▶ [WORK ITEM]:
Pictures in the data below are not part of the copy; transcribe everything else exactly.

▶ [DATA SECTION]:
◇ ◇ ◇

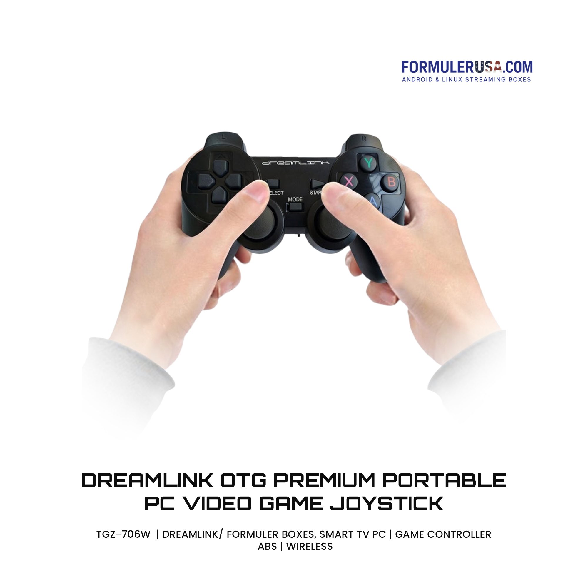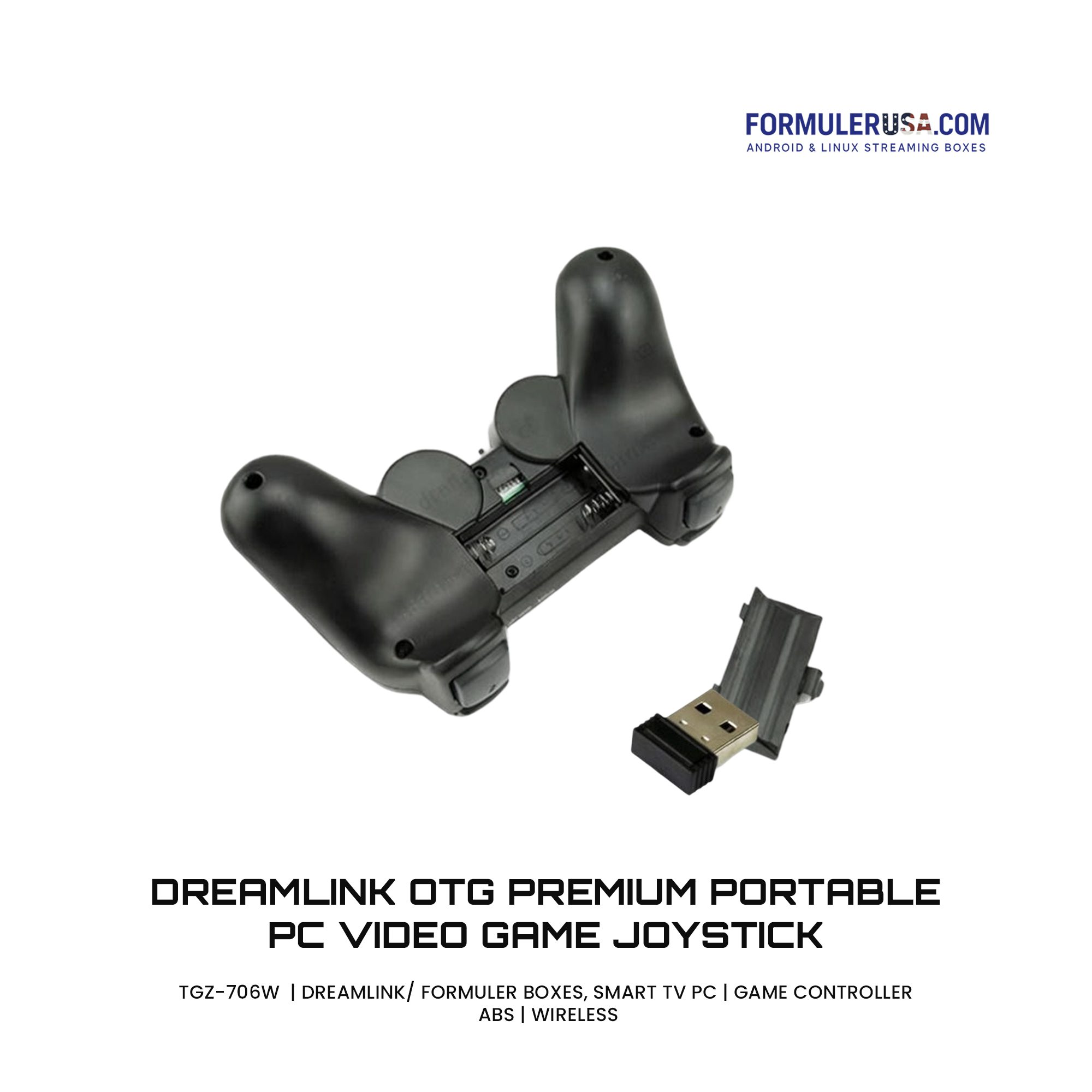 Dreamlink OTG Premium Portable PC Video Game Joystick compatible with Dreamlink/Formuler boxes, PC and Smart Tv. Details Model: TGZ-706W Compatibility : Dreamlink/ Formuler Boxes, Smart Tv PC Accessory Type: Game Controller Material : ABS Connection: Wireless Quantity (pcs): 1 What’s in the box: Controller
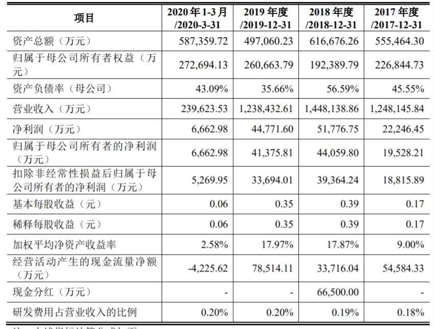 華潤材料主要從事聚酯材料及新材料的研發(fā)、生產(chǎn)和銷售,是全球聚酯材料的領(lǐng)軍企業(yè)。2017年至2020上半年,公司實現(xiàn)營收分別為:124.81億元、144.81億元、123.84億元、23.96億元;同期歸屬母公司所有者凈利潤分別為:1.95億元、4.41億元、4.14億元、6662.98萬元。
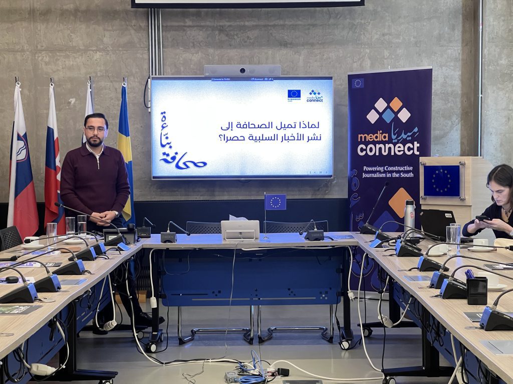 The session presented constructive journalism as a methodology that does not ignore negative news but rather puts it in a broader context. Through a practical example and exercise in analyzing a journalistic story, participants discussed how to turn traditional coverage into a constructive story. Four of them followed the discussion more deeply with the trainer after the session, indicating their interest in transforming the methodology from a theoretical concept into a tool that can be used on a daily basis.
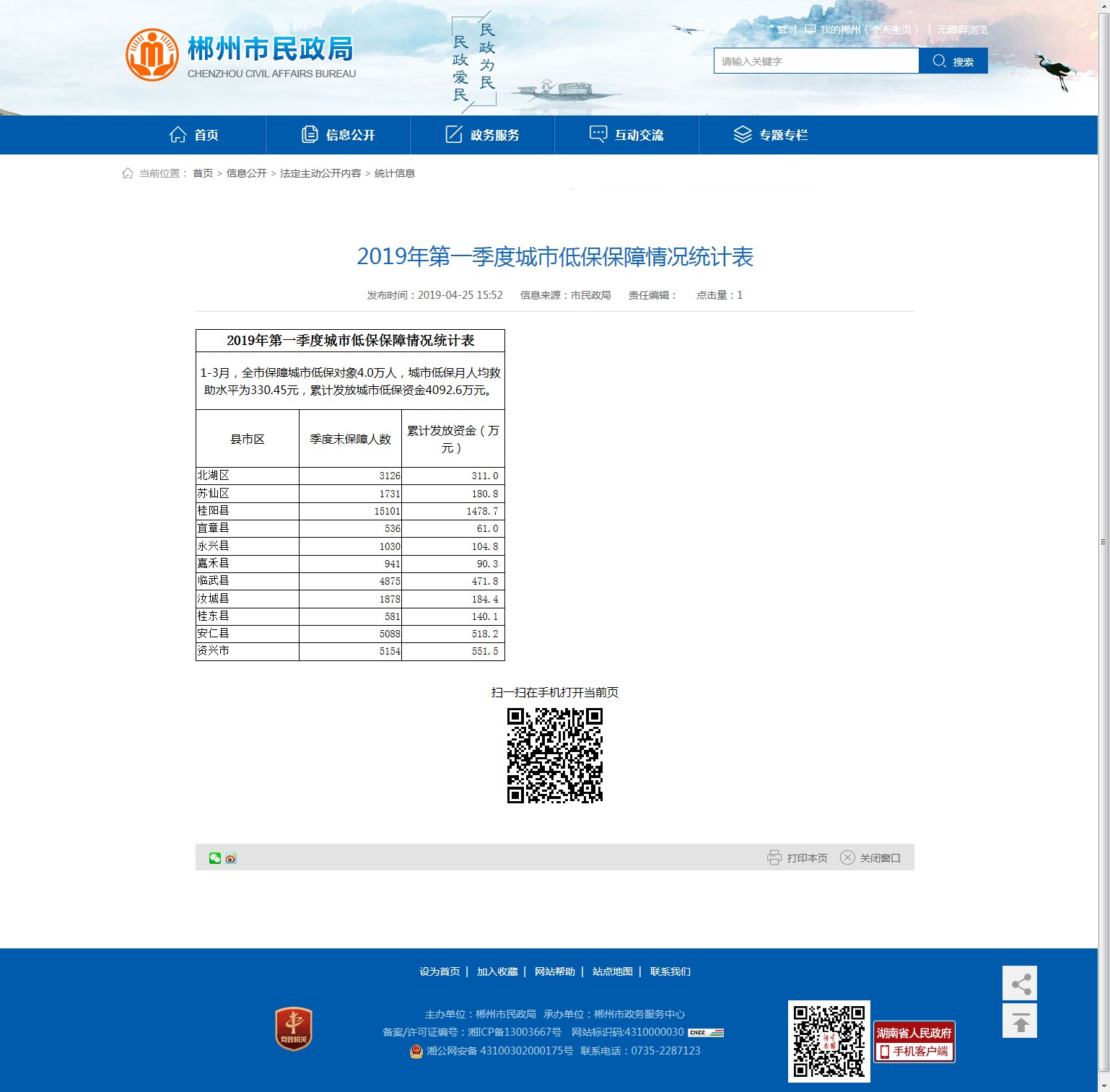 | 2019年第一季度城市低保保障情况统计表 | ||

◇ ◇ ◇

▶ [EXERCISE SOLUTION]:
 Dreamlink OTG Premium Portable PC Video Game Joystick compatible with Dreamlink/Formuler boxes, PC and Smart Tv. Details Model: TGZ-706W Compatibility : Dreamlink/ Formuler Boxes, Smart Tv PC Accessory Type: Game Controller Material : ABS Connection: Wireless Quantity (pcs): 1 What’s in the box: Controller
 華潤材料主要從事聚酯材料及新材料的研發(fā)、生產(chǎn)和銷售,是全球聚酯材料的領(lǐng)軍企業(yè)。2017年至2020上半年,公司實現(xiàn)營收分別為:124.81億元、144.81億元、123.84億元、23.96億元;同期歸屬母公司所有者凈利潤分別為:1.95億元、4.41億元、4.14億元、6662.98萬元。
 The session presented constructive journalism as a methodology that does not ignore negative news but rather puts it in a broader context. Through a practical example and exercise in analyzing a journalistic story, participants discussed how to turn traditional coverage into a constructive story. Four of them followed the discussion more deeply with the trainer after the session, indicating their interest in transforming the methodology from a theoretical concept into a tool that can be used on a daily basis.
 | 2019年第一季度城市低保保障情况统计表 | ||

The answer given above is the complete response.